This circuit demonstration showcases a random LED flasher controlling twenty lights. LED flashers and sequencers are commonly employed in decorative lighting applications to produce aesthetically pleasing color patterns.
Rather than steadfast illumination, these systems cycle LEDs on and off in either a predetermined sequence or at irregular intervals. The latter approach generates a more dynamic, unpredictable appearance.
At the heart of this demonstration is a microchip programmed to randomly vary the flashing rate of each individual LED. Without any set pattern or routine, the lights come on and off independently of one another.
This produces an ever-changing interplay of illuminated and darkened LEDs across the array. Such a random flasher circuit renders colorful visual interest well-suited for applications like holiday decor, mood lighting, and general aesthetic lighting effects.
Circuit and working
This circuit demonstration showcases a random LED flasher controlling twenty lights. LED flashers and sequencers are commonly employed in decorative lighting applications to produce aesthetically pleasing color patterns.
Rather than steadfast illumination, these systems cycle LEDs on and off in either a predetermined sequence or at irregular intervals. The latter approach generates a more dynamic, unpredictable appearance.
At the heart of this demonstration is a microchip programmed to randomly vary the flashing rate of each individual LED. Without any set pattern or routine, the lights come on and off independently of one another.
This produces an ever-changing interplay of illuminated and darkened LEDs across the array. Such a random flasher circuit renders colorful visual interest well-suited for applications like holiday decor, mood lighting, and general aesthetic lighting effects.
The Arduino programming ensures only a single LED lights up at any given moment. A random number is generated within the code corresponding to one of the input/output pins on the Arduino board.
This assigns which LED will illuminate based on its connection to that randomly selected I/O pin. The delay period between consecutive LED activations is adjustable using potentiometer VR1.
As each LED switches off, another is randomly chosen to switch on after the set delay. This results in the LEDs flashing sequentially in an unpredictable order, with one illuminating at a time.
The randomized LED flashing will repeat continuously in this fashion until power is removed from the circuit.
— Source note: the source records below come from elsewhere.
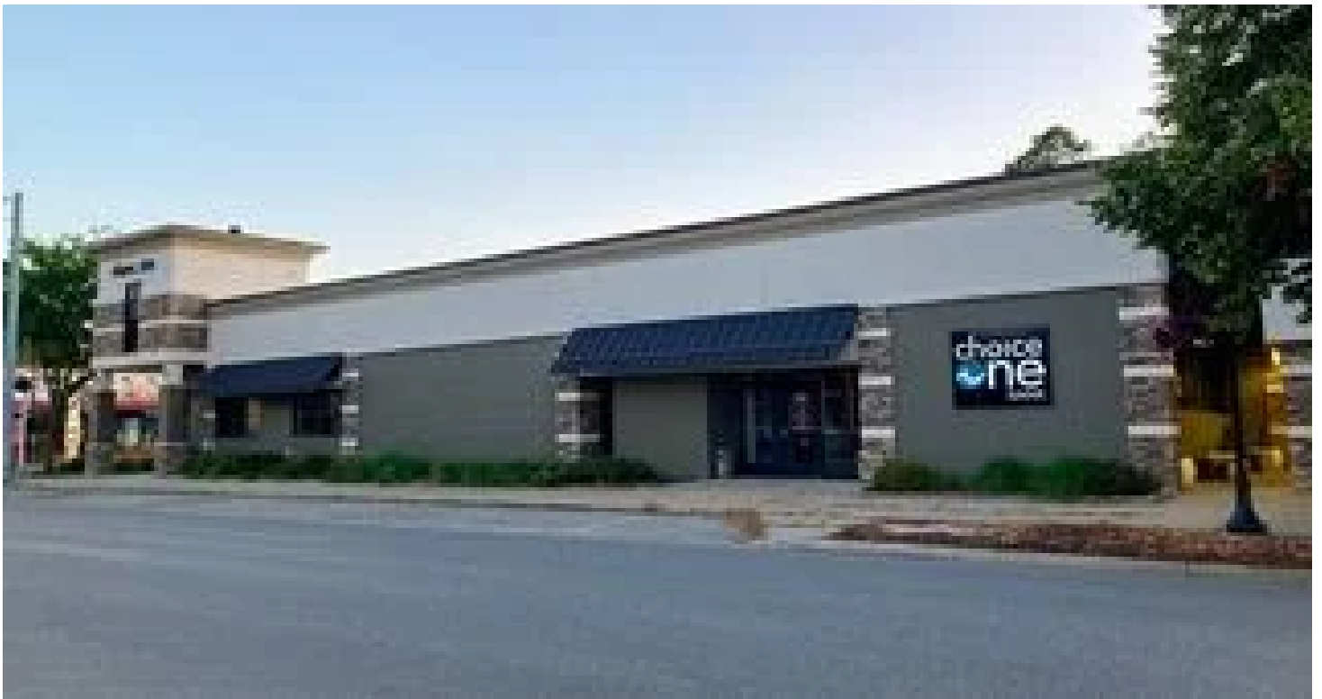
ChoiceOne Bank completes $180M acquisition, expanding Southeast Michigan presence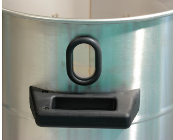
Sight Glass on Recovery Tank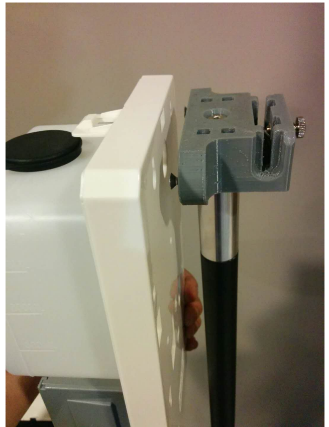
6) Mount dispenser on T-bracket by lining up screws on T-bracket with holes on back of dispenser. Screws may need to be loosened slightly to allow dispenser to fit.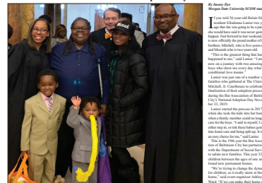
Thirty-two children in Baltimore celebrated 'forever' families on National Adoption Day on November 29, 2019. The event was held at the Baltimore Museum of Industry and was sponsored by the Baltimore Museum of Industry, the Baltimore Times, and the Baltimore Times. (See article on page 14)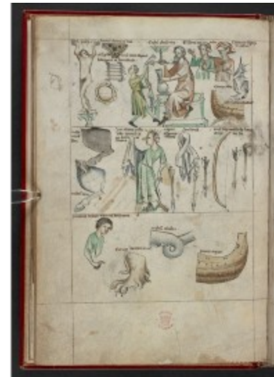
fol. 17v - Leo II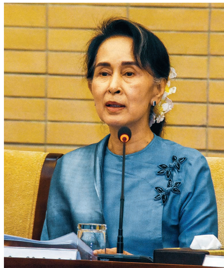
Daw Aung San Suu Kyi delivers the opening speech.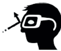
Safety Goggles Required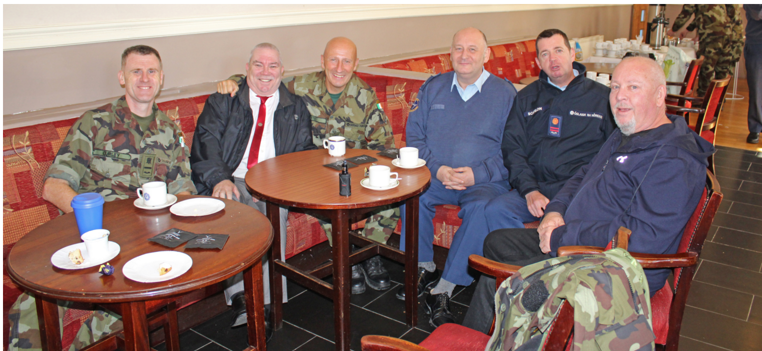
Serving Members also support the event.

CUIMHNIMIS Let us remember those who have died.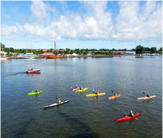
Kayaking on the Saginaw River – Bay City, MI

Tee off at two of Michigan's must-play public golf courses, Apple Mountain and The Fortress, or your choice from over a dozen others!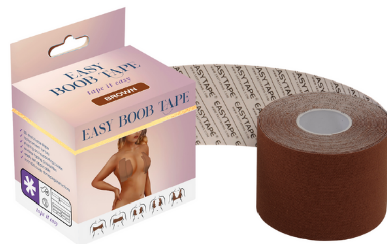
Easy Boob Tape - Brown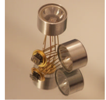
Main thermocooler parameters (without load)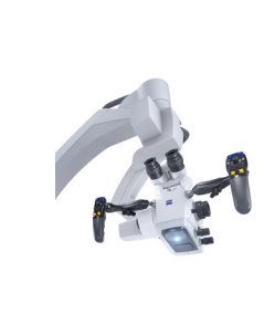
ZEISS TIVATO® 700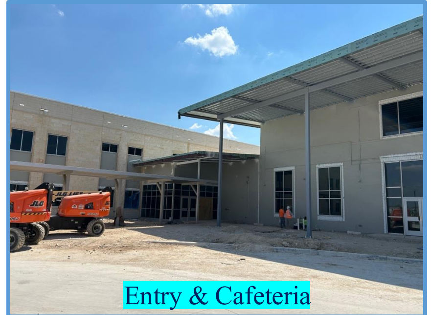
Entry & Cafeteria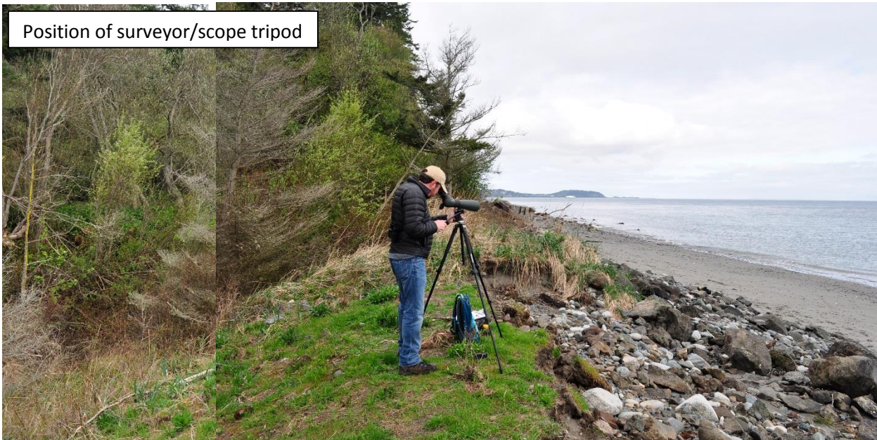
Position of surveyor/scope tripod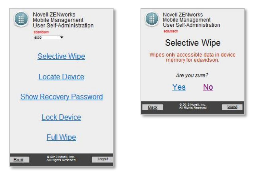
Sample Mobile User Self-Administrative Portal views for an iOS User

Only the options supported by or available for your device platform will appear in the portal menu.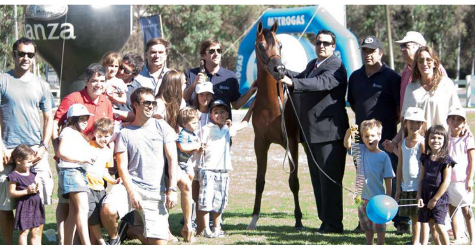
Reserve Champion Colt Mayor Llanca Sultán - Haras Llanca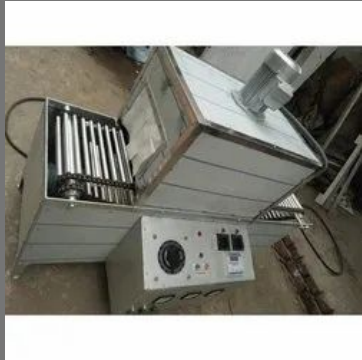
Shrink Wrapping Machine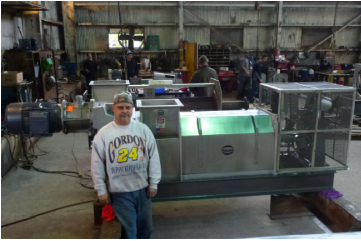
KP-12 with Safety Guarding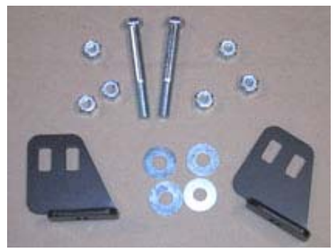
Figure 4: YJ Frame Bracket Kit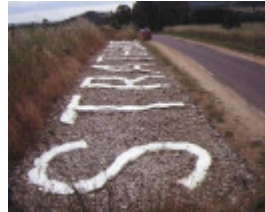
1 strathbogie air navaid strathbogie view from front end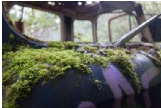
Nature Taking Over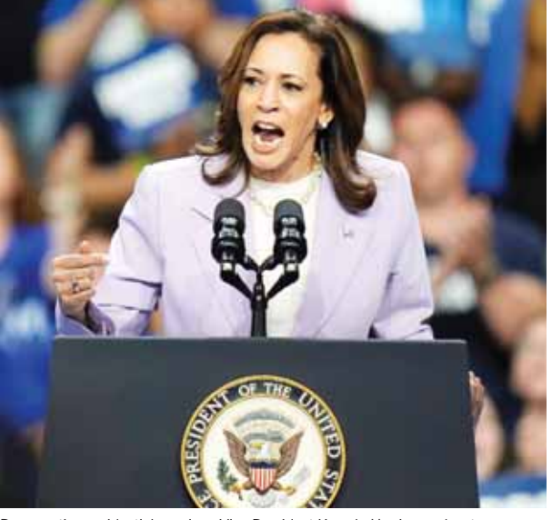
Democratic presidential nominee Vice President Kamala Harris speaks at a campaign rally at the University of Nevada, Las Vegas on Saturday

my NO TAXES ON TIPS Policy." "The difference is, she won't do it, she just wants it for Political Purposes!" the former president wrote. "This was a TRUMP idea - She has no ideas, she can only steal from me." Harris and her running mate, Minnesota Gov. Tim Walz, came to Nevada as the final stop of a battleground blitz in which their party has shown new energy after President Joe Biden exited the race and endorsed Harris. On Sunday, the vice president is holding a San Francisco fundraiser that has already raised more than USD 12 million, her campaign said, with House Speaker Emerita Nancy Pelosi among those set to speak. There were 12,000-plus people inside the campus basketball arena on Saturday and, before the event started, local law enforcement opted to close the doors to the event due to people becoming ill while waiting outside to go through security in the 109-degree heat. Approximately 4,000 people were in line when the entrances were shut down. Walz referenced that during his speech, but turned it into an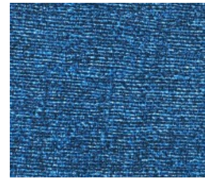
HEADBAND 3 X 10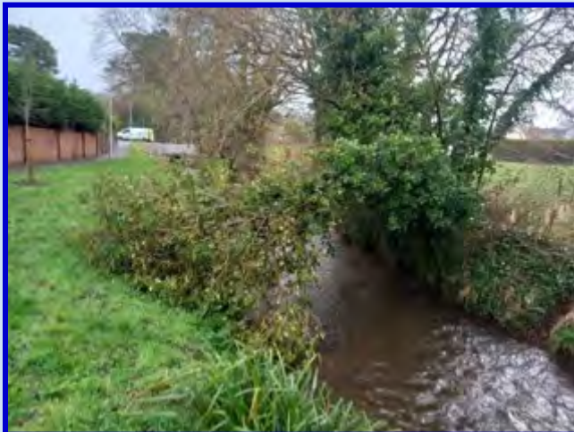
Crossley Moor Road Leat after being cleared

Thank you to the maintenance team for clearing this area, you've done a great job!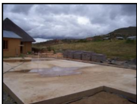
Foundations are laid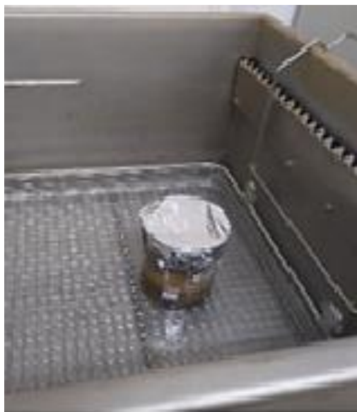
Fig. 2. Ultrasonic-assisted extraction process with vCLEAN1-L20 Model: Sample-containing beaker suspended in the ultrasonic bath

The extraction was performed using an ultrasonic cleaner device, model vCLEAN1-L20 from Beker. This device operates at an ultrasonic power of 400 watts and a frequency of 40 kHz. The tank is made of 304 stainless steel with a volume of 20 liters, and the temperature can be adjusted up to 80°C. Additionally, the device features degassing capability and adjustable cleaning time.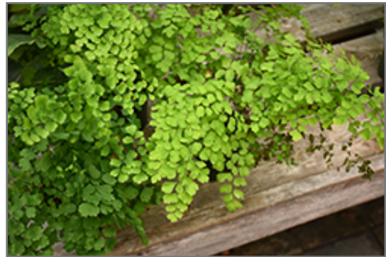
Brittle Maidenhair Fern foliage

When grown indoors, Brittle Maidenhair Fern can be expected to grow to be about 18 inches tall at maturity, with a spread of 24 inches. It grows at a slow rate, and under ideal conditions can be expected to live for approximately 15 years. This houseplant performs well in both bright or indirect sunlight and strong artificial light, and can therefore be situated in almost any well-lit room or location. It prefers to grow in moist to almost wet soil, and will even tolerate some standing water. As such, the surface of the soil should be kept consistently moist to the touch, and you can expect to water this plant two or more times each week, especially if it's growing in a lower-humidity environment. Be aware that your particular watering schedule may vary depending on its location in the room, the pot size, plant size and other conditions; if in doubt, ask one of our experts in the store for advice. It is particular about its soil conditions, with a strong preference for rich, alkaline soil. Contact the store for specific recommendations on pre-mixed potting soil for this plant. Be warned that parts of this plant are known to be toxic to humans and animals, so special care should be exercised if growing it around children and pets.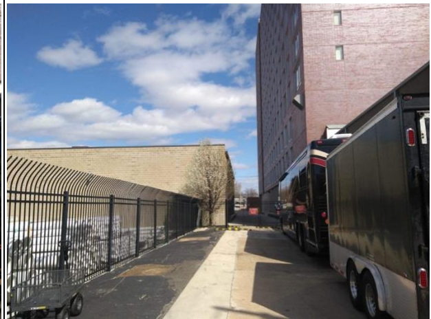
Parking for second bus or van(s) to the left.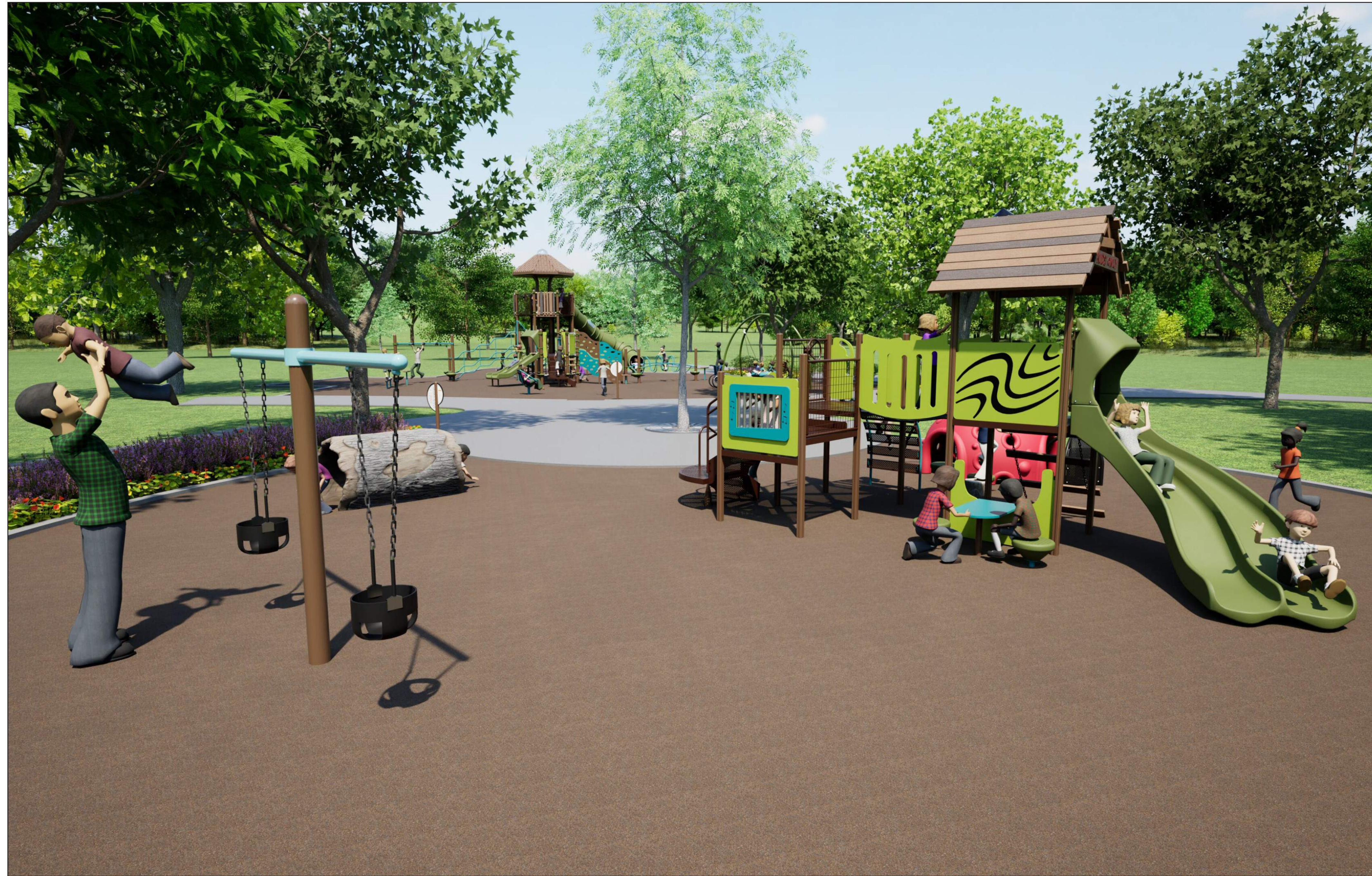
2 to 5-year old playground

VR1 allows tuning the speed of the flickering between fast and slow transitions from one lit LED to the next.
Together, the random number generation and delay timing produce the continually varying single-LED illumination that characterizes this demonstration of an Arduino-controlled random flasher circuit.
Arduino Nano
The Arduino Nano is a small yet capable microcontroller board based around the ATmega328P chip. While providing the same functionality as the Arduino Uno, it has a more compact footprint at just 43mm x 18mm in size.
It contains 14 digital input/output pins, six of which support pulse width modulation (PWM). There are also eight analog inputs and a 16MHz clock speed powered by the 32KB of onboard flash memory. Unlike the Uno, the Nano uses a mini USB connector instead of a standard socket. Power must also be supplied via the USB port rather than an external barrel jack.
The random LED flasher software is written as an Arduino sketch (Flasher.ino) using the Arduino programming language. To upload this code to the Nano, it must first be connected to a computer running the Arduino IDE. From within the IDE environment, the proper board is selected from the tools menu along with selecting the COM port. Then the flasher sketch can be compiled and loaded over the USB connection.
Once programmed, the compact yet capable Arduino Nano serves as the microcontroller driving the random flashing behavior of the LED array through digital output pins selected at random intervals.
Construction and testing
To assemble the circuit, LEDs 1 through 20 must be wired to corresponding digital pins on the Arduino Nano according to the schematic. A breadboard, stripboard, or printed circuit board (PCB) is necessary to facilitate connecting the LEDs and associated resistors to the microcontroller ports in an organized manner.
Figures 2 and 3 depict the circuit design in more detail. Figure 2 shows the PCB layout, illustrating how the circuit traces are routed on the board. Then Figure 3 provides the component placement view, specifying where each discrete part such as the LEDs and resistors should be soldered on the PCB.
Following these graphical designs carefully permits replication of the exact circuit configuration to programmatic specifications. The PCB option offers a compact, robust solution compared to breadboarding. But any arrangement allowing the LED-to-pin mappings shown in the schematic to be achieved is suitable for evaluating this random flasher demonstration circuit in action.